The invention is nevertheless not limited to this particular type of implant; it can also be applied to other types of pacemakers powered by a battery, the life of which must be preserved by minimizing the overall power consumption of the device.

Pacing is generally carried out in VVIR or “rate-responsive” mode, which means that if the rhythm is paced rather than spontaneous (sinusal), the rate of the pacing pulses must be modulated according to the patient's physical activity, with a lower rate when the patient is inactive and a higher rate for increased physical activity. The rate of the so-controlled paced rhythm will vary between a minimum rate called “baseline rate” (HR) and a maximum rate (HR) specific to the patient, which defines a top limit for the pacing rate calculated by the control algorithms.

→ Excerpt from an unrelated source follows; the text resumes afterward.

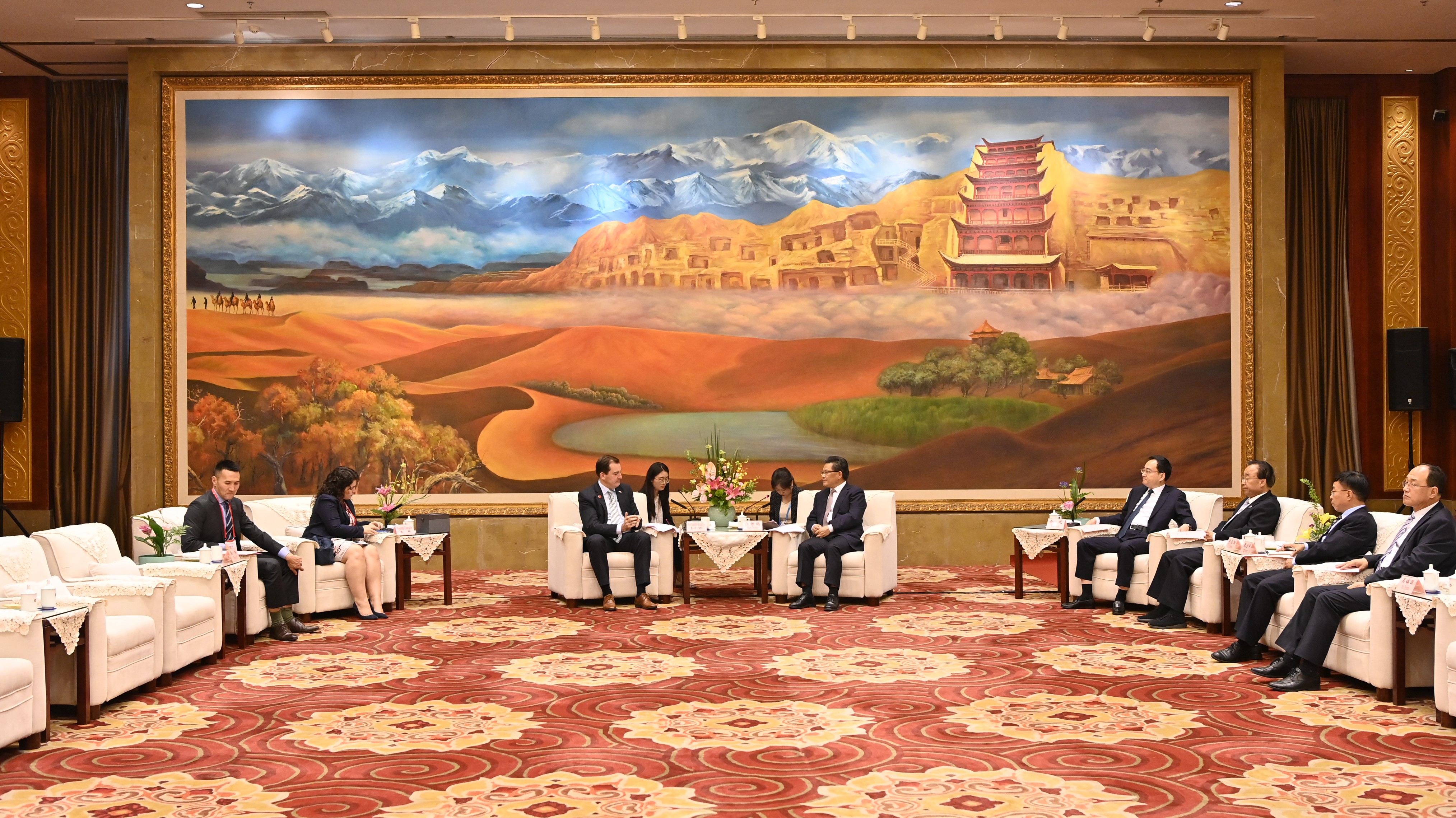 任振鹤说,甘肃自古就是丝绸之路的咽喉要道,随着“一带一路”建设不断走深走实,甘肃的通道、节点作用更加突出。在中国共产党成立100周年之际,甘肃与全国一道走上了全面小康、共同富裕的康庄大道,当前,甘肃正在深入贯彻落实习近平主席的重要指示精神,牢牢抓住“一带一路”这个最大机遇,不断加强与沿线国家和地区的交流合作,加快构建对外开放新格局。甘肃与乌拉圭在农业、旅游业等方面有着广阔的合作前景,希望双方以本届兰洽会为契机,积极深入交流,发挥各自优势,开展更多务实合作,共同推动两国元首电话会晤成果落地落实。

The pacing rate control must also be as physiological as possible, replicating the sinus rhythm of a healthy heart with (i) a rapid increase in rhythm in the event of a sudden increase in activity (the patient getting up and walking, climbing stairs, etc.), and (ii) then a return to the base rate that is on the contrary very gradual and slow, of the order of a few tens of seconds or several minutes after detection of lesser activity (the patient who has finished climbing the stairs but still needs to recover from the effort, etc.). The variation rate of the controlled pacing rate, i.e. the shape (linear or not) of the rate/effort characteristic, can also be adapted to the patient's physical activity.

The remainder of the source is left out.